Input data:

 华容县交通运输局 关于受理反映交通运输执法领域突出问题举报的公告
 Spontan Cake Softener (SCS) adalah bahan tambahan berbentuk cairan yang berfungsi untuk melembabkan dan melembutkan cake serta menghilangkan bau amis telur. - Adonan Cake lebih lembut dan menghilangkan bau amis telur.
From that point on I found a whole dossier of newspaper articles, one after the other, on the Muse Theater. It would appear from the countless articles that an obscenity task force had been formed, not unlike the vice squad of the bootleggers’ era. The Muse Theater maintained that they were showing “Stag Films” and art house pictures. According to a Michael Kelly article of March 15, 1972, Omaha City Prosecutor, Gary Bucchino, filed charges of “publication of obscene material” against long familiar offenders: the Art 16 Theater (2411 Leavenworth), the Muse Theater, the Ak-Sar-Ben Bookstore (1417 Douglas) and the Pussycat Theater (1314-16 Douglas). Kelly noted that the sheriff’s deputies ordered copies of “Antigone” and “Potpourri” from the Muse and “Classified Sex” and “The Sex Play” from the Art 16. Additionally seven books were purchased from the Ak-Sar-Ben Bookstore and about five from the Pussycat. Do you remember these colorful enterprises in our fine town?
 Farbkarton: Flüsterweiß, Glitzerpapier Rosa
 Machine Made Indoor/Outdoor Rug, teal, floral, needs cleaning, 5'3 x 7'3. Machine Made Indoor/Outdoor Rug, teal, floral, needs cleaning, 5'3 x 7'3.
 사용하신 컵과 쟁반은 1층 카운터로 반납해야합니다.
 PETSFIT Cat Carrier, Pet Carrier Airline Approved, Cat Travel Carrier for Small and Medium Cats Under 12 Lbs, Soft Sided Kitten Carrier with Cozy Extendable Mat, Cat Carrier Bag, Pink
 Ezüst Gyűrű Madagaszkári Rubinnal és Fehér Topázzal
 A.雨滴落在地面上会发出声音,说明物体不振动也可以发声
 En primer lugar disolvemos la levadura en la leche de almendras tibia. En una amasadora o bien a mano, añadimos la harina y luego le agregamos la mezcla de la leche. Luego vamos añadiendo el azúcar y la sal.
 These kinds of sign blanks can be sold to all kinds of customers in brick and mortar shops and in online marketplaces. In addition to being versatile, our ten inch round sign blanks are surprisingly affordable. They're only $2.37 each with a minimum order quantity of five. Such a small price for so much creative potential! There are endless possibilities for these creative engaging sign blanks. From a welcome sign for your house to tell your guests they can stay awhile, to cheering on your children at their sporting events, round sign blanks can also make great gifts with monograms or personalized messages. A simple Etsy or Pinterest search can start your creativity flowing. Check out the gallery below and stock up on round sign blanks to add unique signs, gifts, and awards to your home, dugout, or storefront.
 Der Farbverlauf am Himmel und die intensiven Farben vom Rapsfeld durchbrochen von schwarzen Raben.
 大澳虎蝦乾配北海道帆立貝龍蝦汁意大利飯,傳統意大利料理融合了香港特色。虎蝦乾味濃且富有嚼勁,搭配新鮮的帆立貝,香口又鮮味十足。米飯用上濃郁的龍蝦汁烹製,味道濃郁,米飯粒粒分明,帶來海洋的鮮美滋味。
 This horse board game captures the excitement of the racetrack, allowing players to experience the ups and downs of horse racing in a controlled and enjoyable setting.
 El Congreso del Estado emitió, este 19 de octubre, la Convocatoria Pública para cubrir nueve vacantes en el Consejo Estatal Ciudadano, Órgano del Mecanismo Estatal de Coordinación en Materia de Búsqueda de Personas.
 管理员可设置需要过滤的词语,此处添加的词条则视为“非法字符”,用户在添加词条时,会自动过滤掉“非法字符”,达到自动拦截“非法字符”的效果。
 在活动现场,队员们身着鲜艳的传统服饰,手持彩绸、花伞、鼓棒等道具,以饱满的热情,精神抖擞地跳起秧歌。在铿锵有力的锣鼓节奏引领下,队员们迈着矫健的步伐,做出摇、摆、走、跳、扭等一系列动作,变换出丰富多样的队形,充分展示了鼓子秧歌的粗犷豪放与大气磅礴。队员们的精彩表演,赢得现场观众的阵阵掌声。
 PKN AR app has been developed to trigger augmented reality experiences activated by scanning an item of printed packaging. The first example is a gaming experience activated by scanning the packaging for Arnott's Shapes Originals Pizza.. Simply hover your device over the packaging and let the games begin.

What is expected: Here the job is to transcribe the lines from the first line of the data through the line containing "Spontan Cake Softener", inclusive, exactly and with nothing else.

Exercise response:
 华容县交通运输局 关于受理反映交通运输执法领域突出问题举报的公告
 Spontan Cake Softener (SCS) adalah bahan tambahan berbentuk cairan yang berfungsi untuk melembabkan dan melembutkan cake serta menghilangkan bau amis telur. - Adonan Cake lebih lembut dan menghilangkan bau amis telur.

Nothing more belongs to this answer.